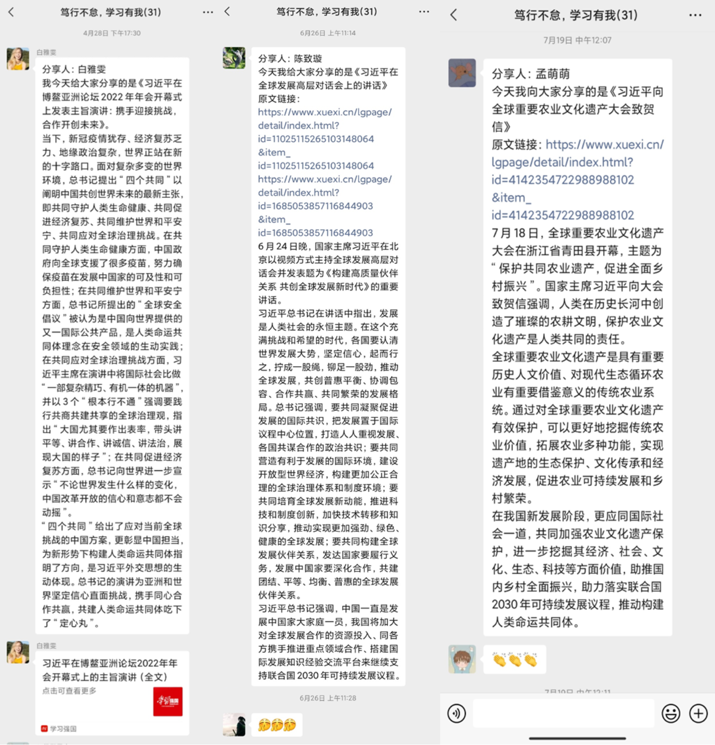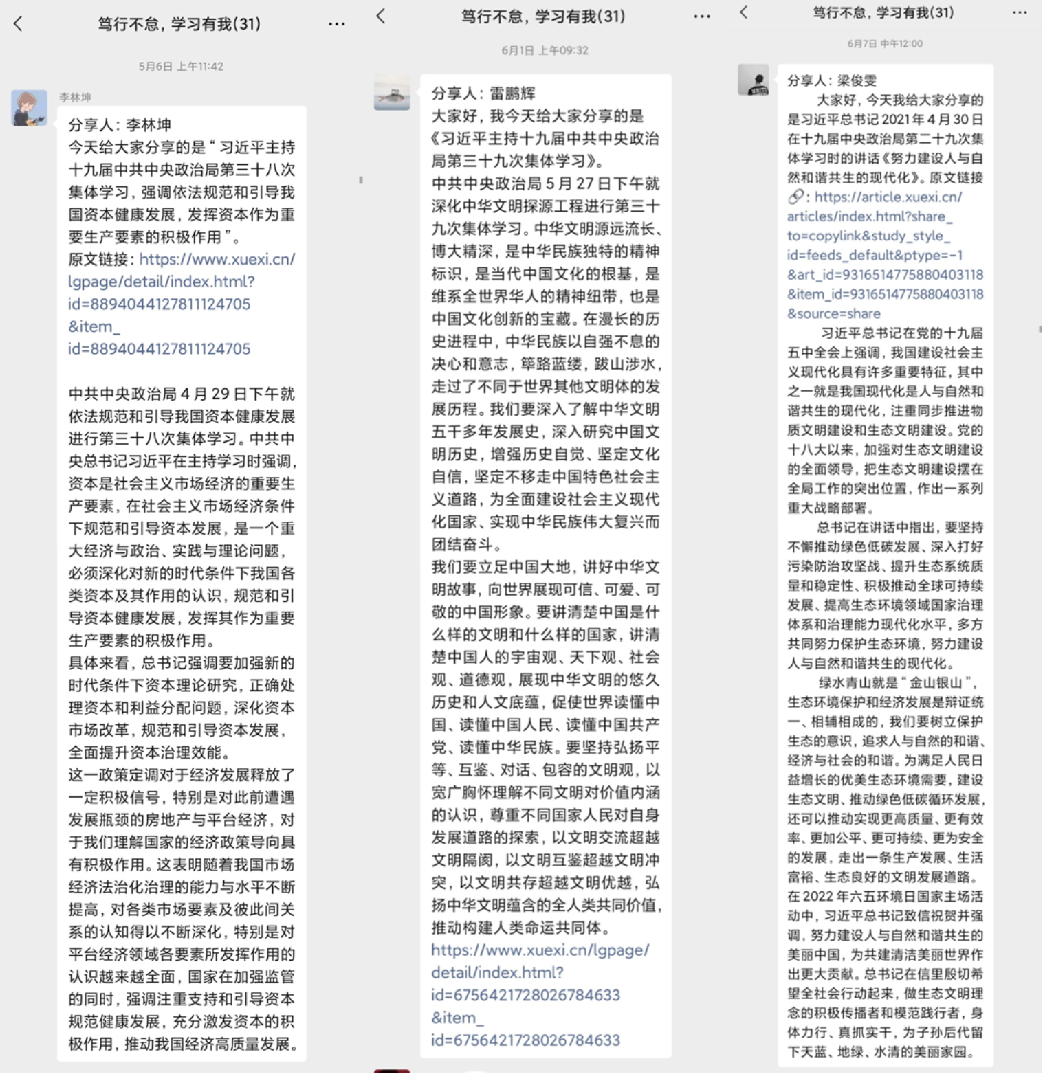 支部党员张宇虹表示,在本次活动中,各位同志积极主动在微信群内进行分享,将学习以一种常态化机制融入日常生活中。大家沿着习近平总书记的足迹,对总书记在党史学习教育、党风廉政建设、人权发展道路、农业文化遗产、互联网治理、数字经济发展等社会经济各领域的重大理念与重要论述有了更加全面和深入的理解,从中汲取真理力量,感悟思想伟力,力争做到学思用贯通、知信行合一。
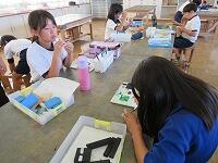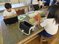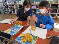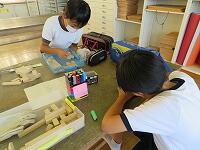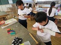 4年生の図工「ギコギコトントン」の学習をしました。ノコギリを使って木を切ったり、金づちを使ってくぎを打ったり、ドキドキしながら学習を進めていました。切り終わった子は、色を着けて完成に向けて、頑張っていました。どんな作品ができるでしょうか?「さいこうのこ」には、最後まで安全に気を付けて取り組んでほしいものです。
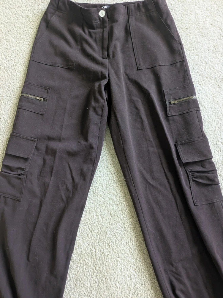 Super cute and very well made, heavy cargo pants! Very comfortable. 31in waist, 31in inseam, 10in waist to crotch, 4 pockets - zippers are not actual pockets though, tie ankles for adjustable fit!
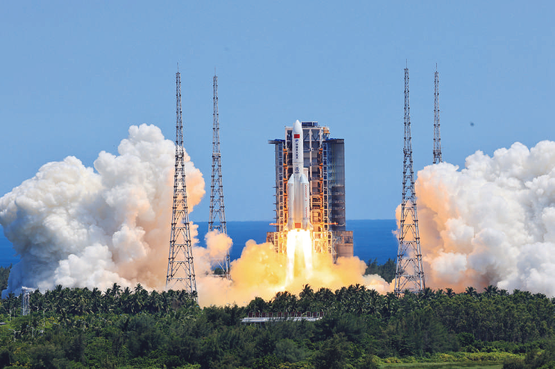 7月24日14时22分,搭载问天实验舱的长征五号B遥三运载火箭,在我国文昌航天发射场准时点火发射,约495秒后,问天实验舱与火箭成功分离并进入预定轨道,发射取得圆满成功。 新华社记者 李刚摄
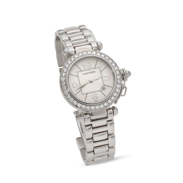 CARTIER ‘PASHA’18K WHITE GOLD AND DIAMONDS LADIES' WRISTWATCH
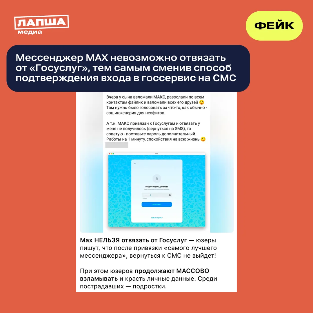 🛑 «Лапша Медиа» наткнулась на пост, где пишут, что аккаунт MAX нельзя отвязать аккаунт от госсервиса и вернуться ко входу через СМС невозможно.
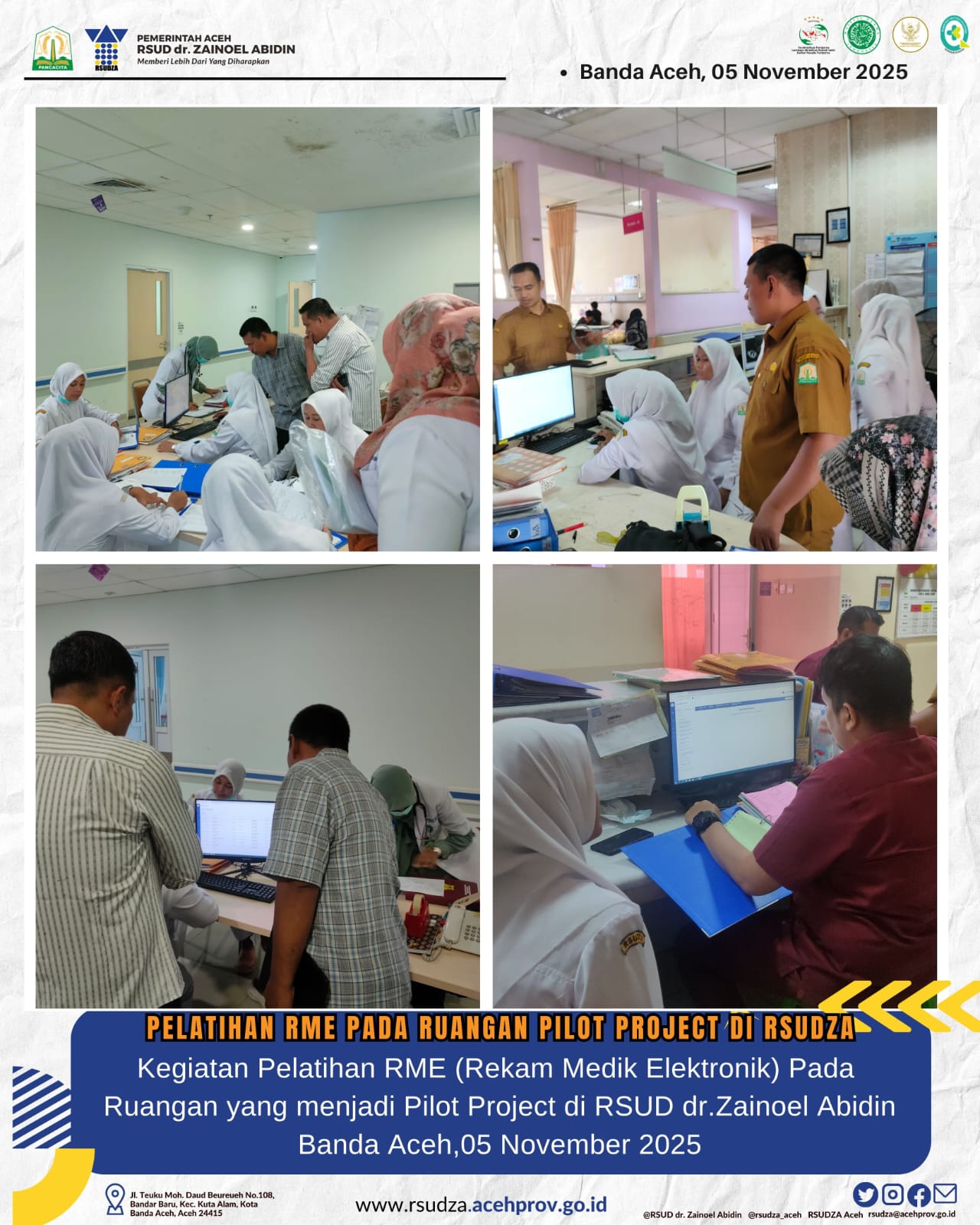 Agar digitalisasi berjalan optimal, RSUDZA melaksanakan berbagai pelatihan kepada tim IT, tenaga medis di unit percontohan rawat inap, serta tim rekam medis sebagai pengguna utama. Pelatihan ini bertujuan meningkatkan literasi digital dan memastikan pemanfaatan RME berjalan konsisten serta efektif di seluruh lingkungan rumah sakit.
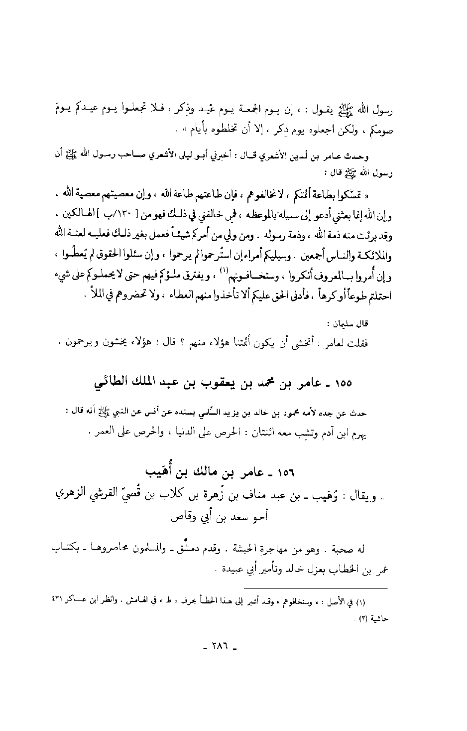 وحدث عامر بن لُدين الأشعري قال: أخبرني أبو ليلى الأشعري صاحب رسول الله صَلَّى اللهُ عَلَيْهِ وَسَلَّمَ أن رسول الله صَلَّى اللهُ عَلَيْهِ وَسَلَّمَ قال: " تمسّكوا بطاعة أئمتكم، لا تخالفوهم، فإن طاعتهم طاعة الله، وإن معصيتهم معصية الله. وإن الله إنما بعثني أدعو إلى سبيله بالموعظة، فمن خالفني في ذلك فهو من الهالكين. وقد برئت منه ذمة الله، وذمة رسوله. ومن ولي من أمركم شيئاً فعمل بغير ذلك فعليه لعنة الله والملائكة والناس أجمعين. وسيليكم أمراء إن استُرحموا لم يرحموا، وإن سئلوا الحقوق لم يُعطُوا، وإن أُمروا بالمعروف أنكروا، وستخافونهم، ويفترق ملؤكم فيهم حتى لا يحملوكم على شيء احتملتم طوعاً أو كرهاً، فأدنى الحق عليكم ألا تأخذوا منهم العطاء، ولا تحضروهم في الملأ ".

#### [PROBLEM REQUIREMENTS]
Copy nothing past the line containing "CARTIER ‘PASHA’18K WHITE": reproduce every line from the start of the records up to it, skipping pictures.

#### [TASK SOLUTION]
 支部党员张宇虹表示,在本次活动中,各位同志积极主动在微信群内进行分享,将学习以一种常态化机制融入日常生活中。大家沿着习近平总书记的足迹,对总书记在党史学习教育、党风廉政建设、人权发展道路、农业文化遗产、互联网治理、数字经济发展等社会经济各领域的重大理念与重要论述有了更加全面和深入的理解,从中汲取真理力量,感悟思想伟力,力争做到学思用贯通、知信行合一。
 4年生の図工「ギコギコトントン」の学習をしました。ノコギリを使って木を切ったり、金づちを使ってくぎを打ったり、ドキドキしながら学習を進めていました。切り終わった子は、色を着けて完成に向けて、頑張っていました。どんな作品ができるでしょうか?「さいこうのこ」には、最後まで安全に気を付けて取り組んでほしいものです。
 Super cute and very well made, heavy cargo pants! Very comfortable. 31in waist, 31in inseam, 10in waist to crotch, 4 pockets - zippers are not actual pockets though, tie ankles for adjustable fit!
 7月24日14时22分,搭载问天实验舱的长征五号B遥三运载火箭,在我国文昌航天发射场准时点火发射,约495秒后,问天实验舱与火箭成功分离并进入预定轨道,发射取得圆满成功。 新华社记者 李刚摄
 CARTIER ‘PASHA’18K WHITE GOLD AND DIAMONDS LADIES' WRISTWATCH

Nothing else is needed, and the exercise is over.